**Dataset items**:
----

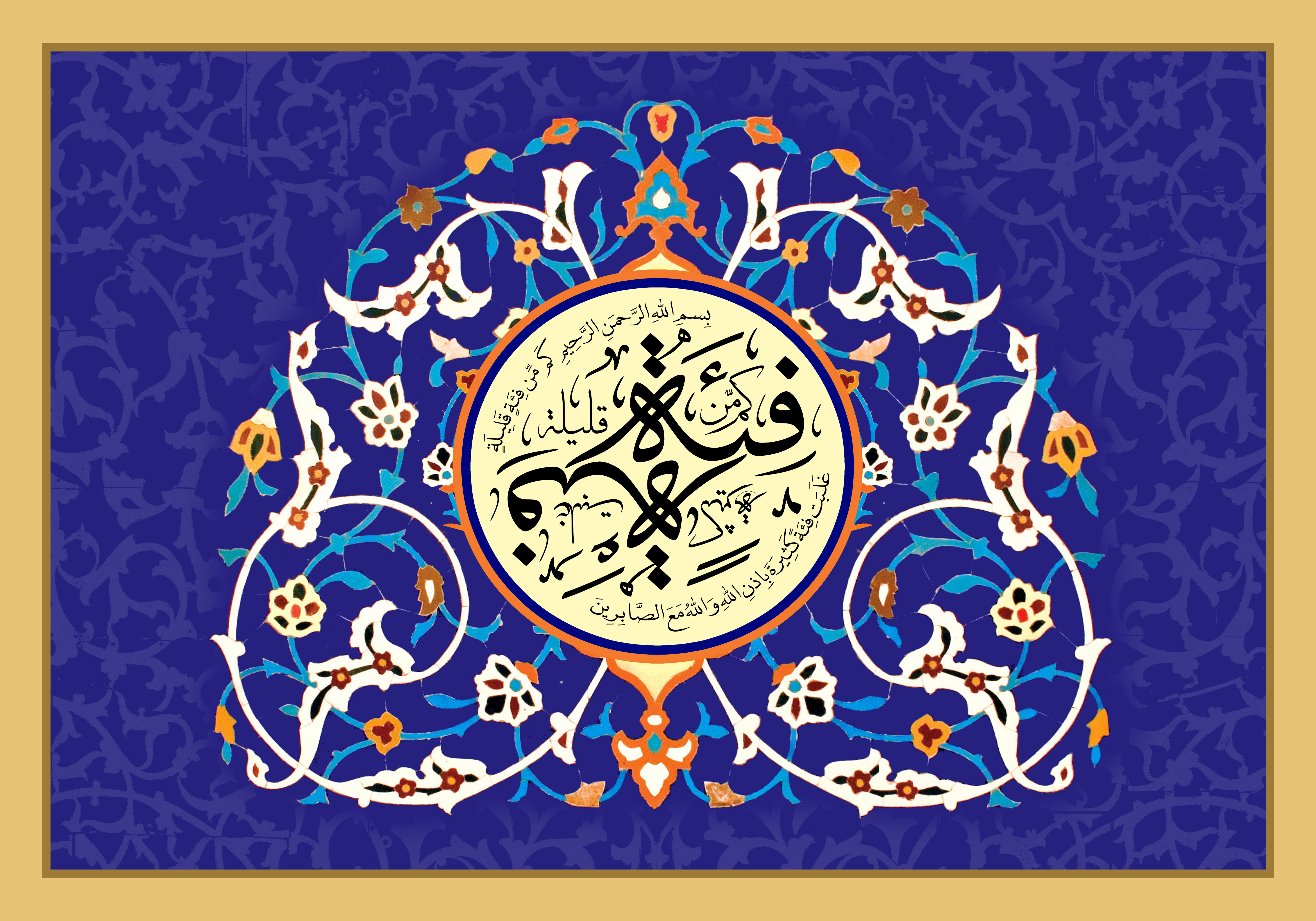 امروز نیز تصویری قرآنی خدمت شما تقدیم می کنم که این تصویر مزین است به فرازی از آیه 249 سوره بقره که در این فراز آمده: « كَم مِّن فِئَةٍ قَلِيلَةٍ غَلَبَتْ فِئَةً كَثِيرَةً بِإِذْنِ اللّهِ وَاللّهُ مَعَ الصَّابِرِينَ» – «بسا گروه اندكى كه به توفيق خدا بر گروه بسيارى پيروز شدند، و خدا با صابران است».
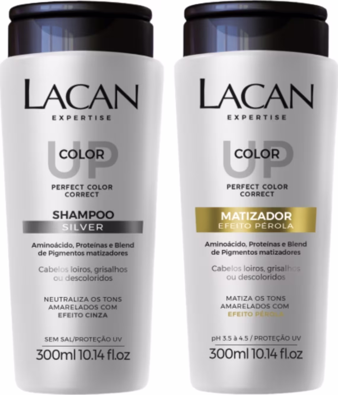 O SHAMPOO SILVER COLOR UP LACAN, contém blend de pigmentos cinza que neutralizam tons amarelados
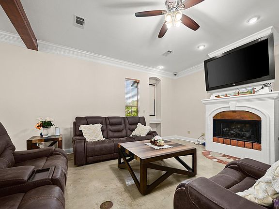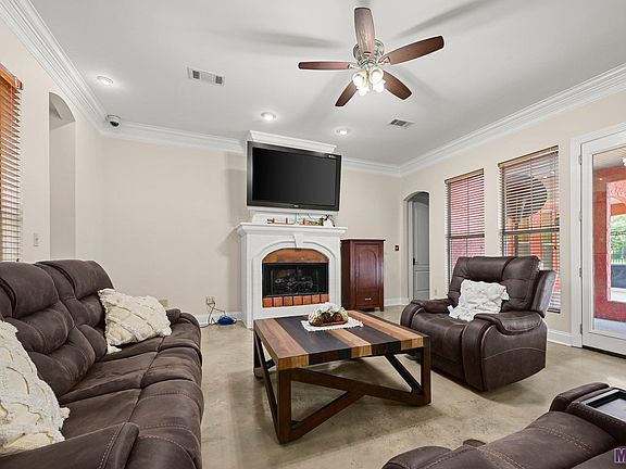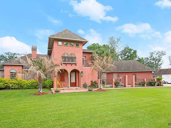 This exquisite custom-built home nestled on over 2 acres in Denham Springs has everything you'll ever need. As you enter through the grand foyer, your eyes are immediately drawn to the stunning wrought iron and wood staircase, setting the tone for the features that define this home. From arched openings and custom mantles to granite countertops and stained glass windows, every element has been carefully curated to evoke the charm of this one of a kind home. Entertain effortlessly in the spacious open floor plan, that over looks the beautiful backyard. The gourmet kitchen is a chef's delight, with custom cabinetry, a five-burner gas cooktop, convection oven, pot filler, and a vegetable sink. Wash dishes from the kitchen sink that overlooks the fountain in the courtyard. The primary suite is the perfect place to relax with a seating area next to fire place and has access to the backyard oasis. The primary bath has dual sinks, a whirlpool soaking tub, separate shower and large closets. Down the hall, you can relax and watch a movie in the media room/ guest bedroom that also has easy access to the backyard. Upstairs, you'll find 2 guest bedrooms with a shared bathroom. Each bedroom has a vanity area. Step out onto the rear balconies from either bedroom to enjoy views of the serene pond or pool area. Enjoy resort-style living with a remote-controlled heated fiberglass saltwater pool, complete with hot tub, an outdoor bar area, outdoor shower, tennis courts, and pond.
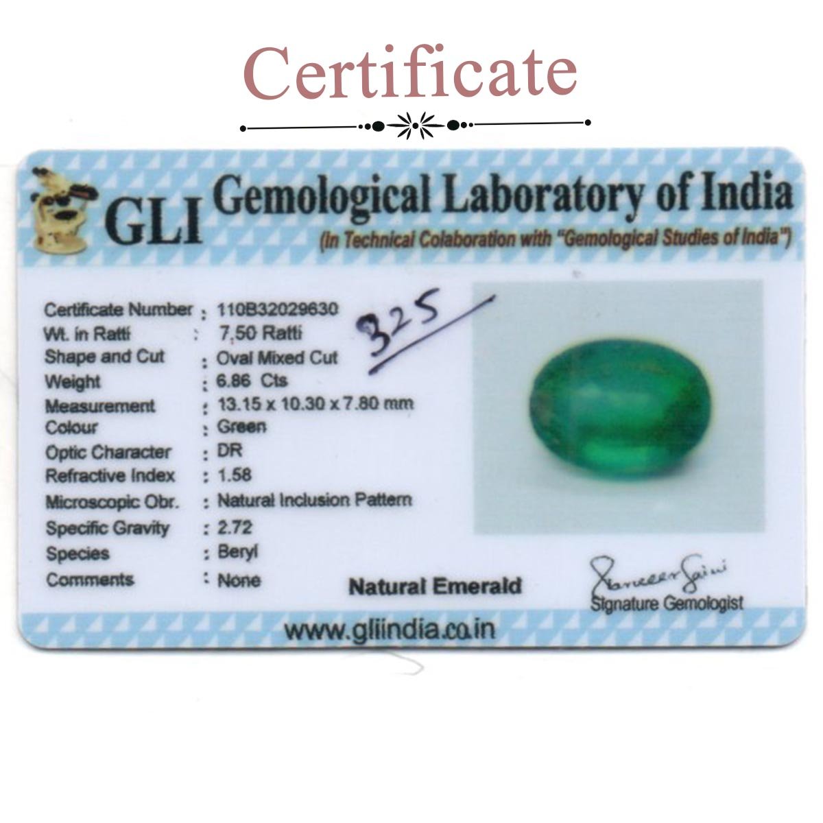 6.77 Carats Emerald ( 7.52 Ratti Panna )
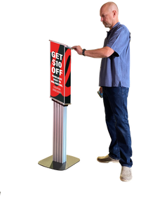 A sponsor can add a brochure holder to the dispenser and hand out information on their product or service.
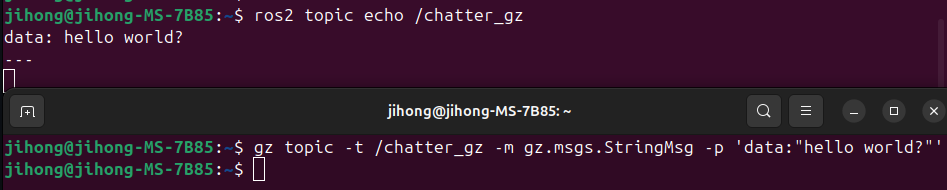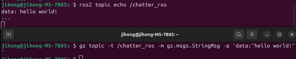 ros2 run ros_gz_bridge parameter_bridge /chatter@std_msgs/msg/String@gz.msgs.StringMsg
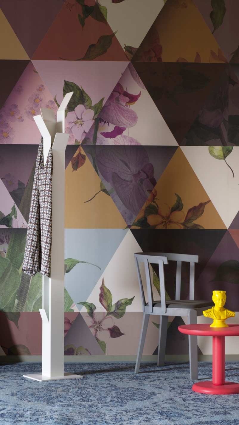 Ideale per risolvere situazioni d’ingresso, Benvenuto invita ad appoggiare le chiavi e appendere il cappotto, facendo dello specchio un complemento multifunzionale.
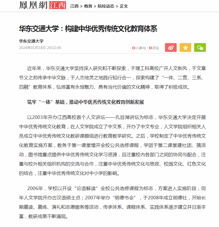 以2003年開辦江西高校首個人文講壇——孔目湖講壇為標志,華東交通大學決定開展中華優秀傳統文化教育,在人文學院成立了中文系,開辦了中文專業,人文學院組織相關人員成立中華優秀傳統文化教研課題組進行教育教學研究。之后,學校制定了中華優秀傳統文化教育實施方案,教務于第一課堂增開全校公共選修課程,學團于第二課堂建社團、搞活動,圖書館重點提供中華優秀傳統文化學習資源,且注重校內各部門之間的協同與配合,注重與校外相關組織機構的交流與合作,注重中華優秀傳統文化與思政、校園文化、紅色文化的結合,注重中華優秀傳統文化對中小學的影響。
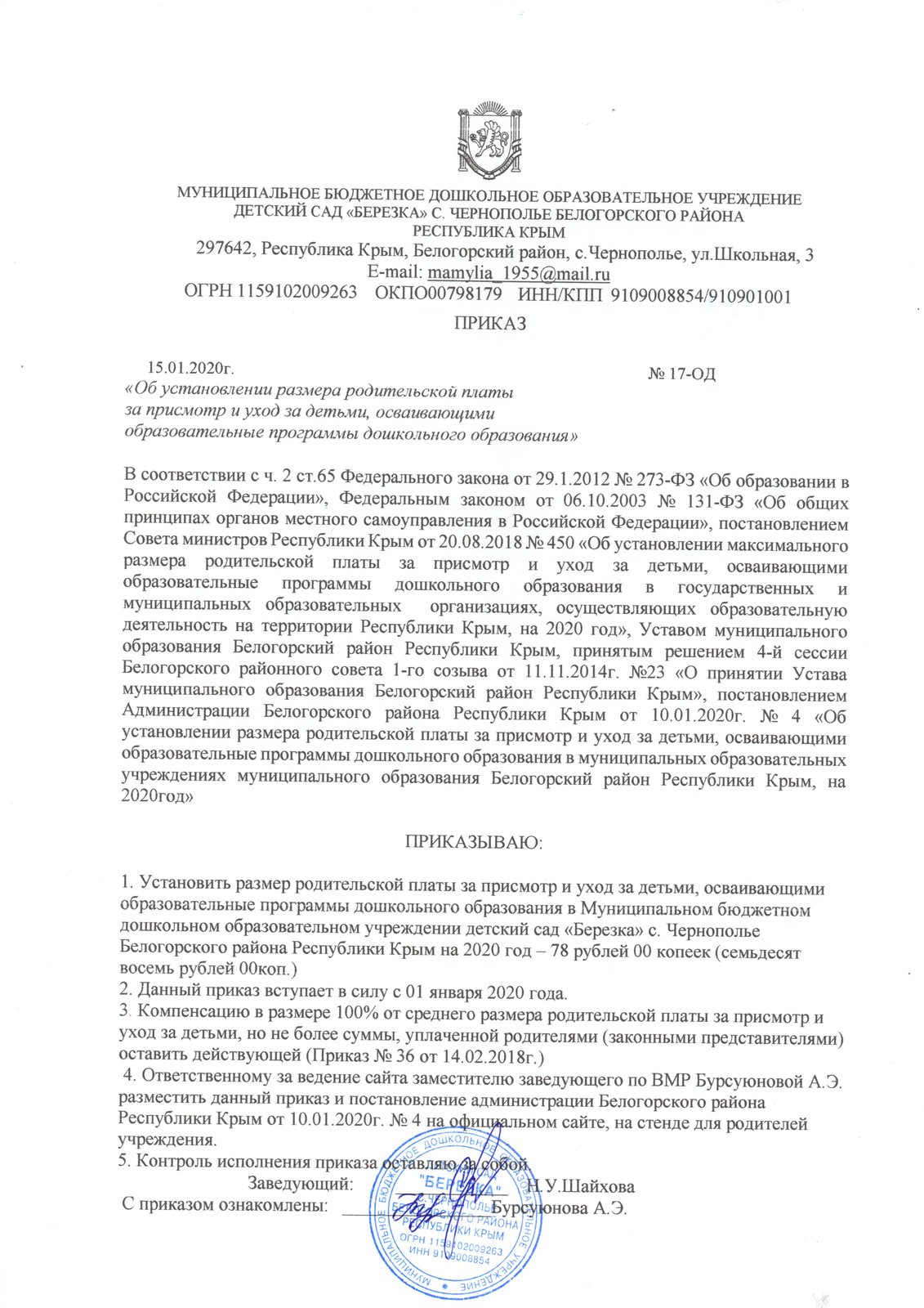 Муниципальное бюджетное дошкольное образовательное учреждение детский сад Березка с. Чернополье Белогорского района Республики Крым
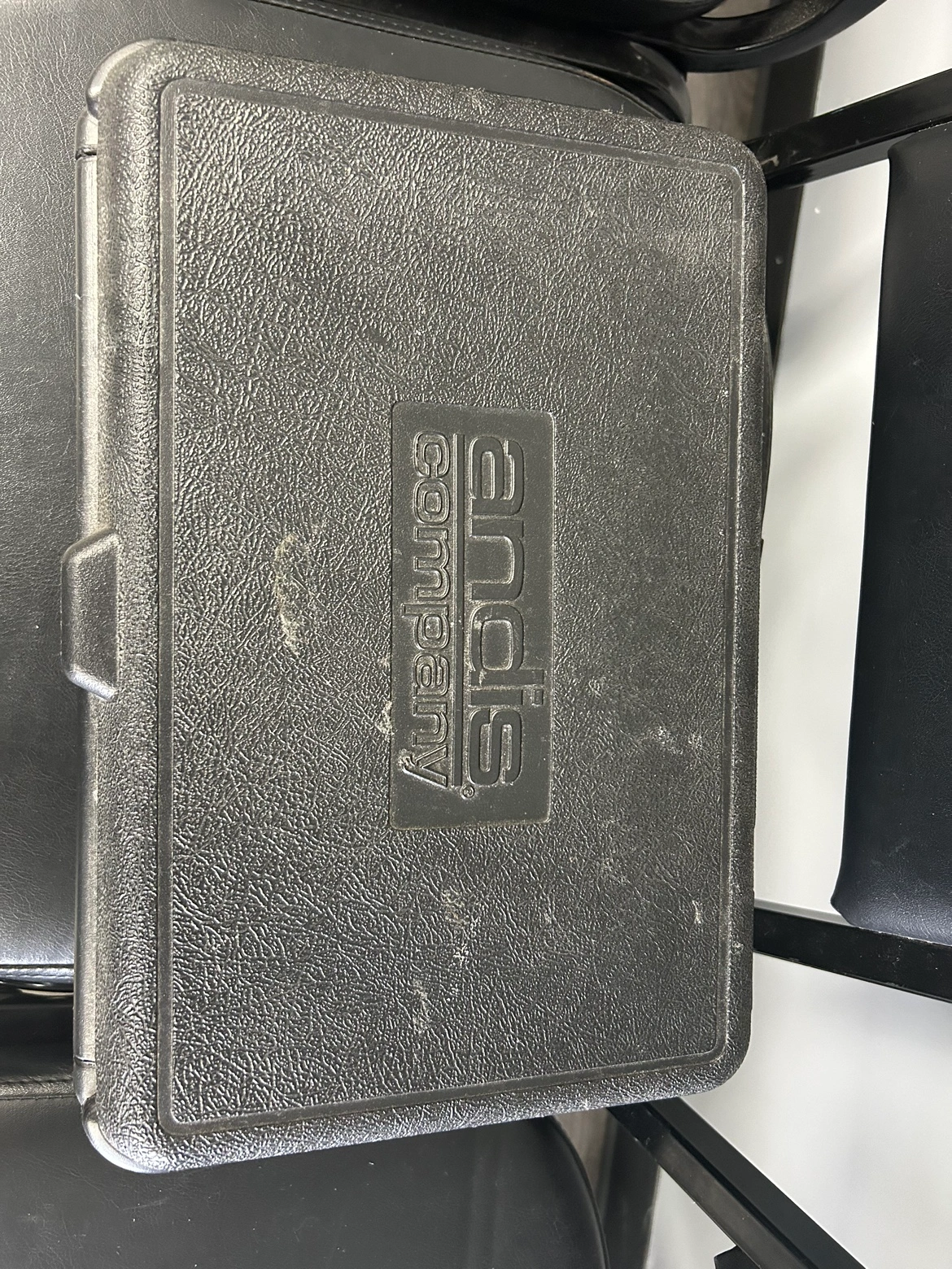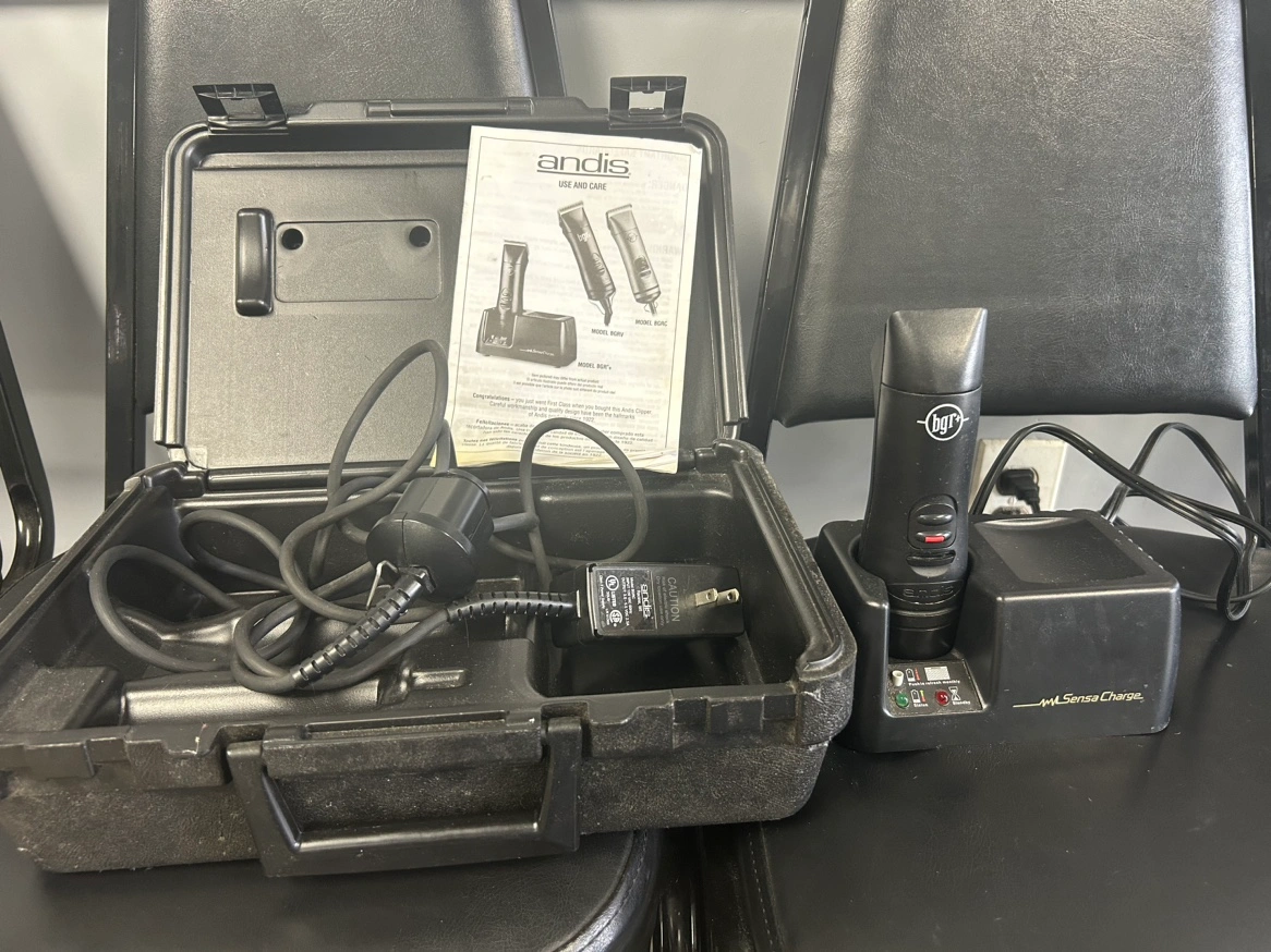 Andis hair clipper with charging station and hard case.
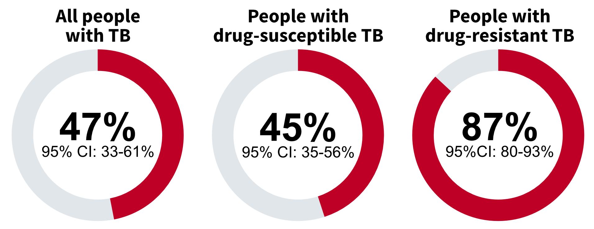 Among 19 countries that reported disaggregated data, the pooled averages were 45% (95% CI: 35–56%) for drug-susceptible TB and 87% (95% CI: 80–93%) for drug-resistant TB (DR-TB) (Fig. 6.2.3). The percentage of TB patients with DR-TB and their households that experienced catastrophic total costs ranged from 50% (95% CI: 14–86%) in Burkina Faso to 100% (95% CI: 92–100%) in Uganda.

----

**TASK REQUIREMENTS**: Going by the entries above, repeat exactly the lines that start at the line with "This exquisite custom-built" and go on through the line with "6.77 Carats Emerald ( 7.52 Ratti Panna )". Pictures are not part of the copy.

**RESULT**:
 This exquisite custom-built home nestled on over 2 acres in Denham Springs has everything you'll ever need. As you enter through the grand foyer, your eyes are immediately drawn to the stunning wrought iron and wood staircase, setting the tone for the features that define this home. From arched openings and custom mantles to granite countertops and stained glass windows, every element has been carefully curated to evoke the charm of this one of a kind home. Entertain effortlessly in the spacious open floor plan, that over looks the beautiful backyard. The gourmet kitchen is a chef's delight, with custom cabinetry, a five-burner gas cooktop, convection oven, pot filler, and a vegetable sink. Wash dishes from the kitchen sink that overlooks the fountain in the courtyard. The primary suite is the perfect place to relax with a seating area next to fire place and has access to the backyard oasis. The primary bath has dual sinks, a whirlpool soaking tub, separate shower and large closets. Down the hall, you can relax and watch a movie in the media room/ guest bedroom that also has easy access to the backyard. Upstairs, you'll find 2 guest bedrooms with a shared bathroom. Each bedroom has a vanity area. Step out onto the rear balconies from either bedroom to enjoy views of the serene pond or pool area. Enjoy resort-style living with a remote-controlled heated fiberglass saltwater pool, complete with hot tub, an outdoor bar area, outdoor shower, tennis courts, and pond.
 6.77 Carats Emerald ( 7.52 Ratti Panna )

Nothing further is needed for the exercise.